Sunday 15 November 2015

The secret things belong to the LORD our God, but the things revealed belong to us and to our children forever, that we may follow all the words of this law. – Deuteronomy 29:29


Today’s Scripture Reading (November 15, 2015): Deuteronomy 29

God keeps secrets. Not everything is fit for our knowledge. There seems to be a few levels of knowledge within the realms of God. Some things are simply revealed to us. These things may be termed “self-evident,” although I have to admit that I am not sure that anything is truly undisputable. We seem to have to work at most things to truly understand them. (Just as a note, I am not convinced that there is anything even as simple as a “plain reading of the text.” Often this is our fallback position with regard to our biblical readings. But I am not sure that God ever intended there to be such a thing as a “plain reading.” God’s intention has always been that we would struggle with his words – and in the struggle truly learn what he expects out of us.) Other things are revealed to us as we work through problems. Every day we seem to unlock more of the mysteries of the universe. Our children will build on the knowledge that we possess, and they will do truly amazing things. But there are some things that we will never really understand. There are a lot of things that I think fit into this last category. The evolution vs. creation argument might be one (and this is often a point that we cry out for a plain reading of the text. I have a recurring fantasy of God trying to teach Moses the processes of a God directed evolutionary process, and in the end the best way to describe the process is simply with the words “I molded you out of dirt.”) Many higher science problems often seem to be unsolvable, at least in this moment in time. We have theories, but we can’t say that we really know. And that is okay. It is the way it is supposed to be. There are some things that God keeps secret.

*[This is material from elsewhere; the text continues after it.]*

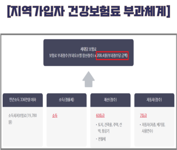 건보료 산정 시 재산(부동산, 차량 등)이 반영되기 때문입니다.

There is a Jewish teaching that God didn’t really become God until the moment of creation. Before creation, God was something else. He was still a powerful, omnipresent and omniscient being, but he was not God. They also believe that it is a sin to try to figure out what God was before creation. That knowledge remains securely in the domain of God – it is part of what he keeps secret.

I believe that if the people of God could simply embrace this idea, it would be revolutionary for the world. There would be no more fighting over the unknowable. We would find ourselves comfortable with the secrets of God. We would still be responsible for the things that has been revealed to us. We are responsible to love this broken planet, to bring light into the darkness and salt into the blandness of the earth. But we are under absolutely no pressure to know everything, or to be able to describe perfectly how everything works. And what we feel has been revealed, we would hold even that loosely. Our faith has never been based on what we know, except that we know Christ, and we know him crucified. In the long run, that is the only piece of knowledge that is essential. Nothing else really matters.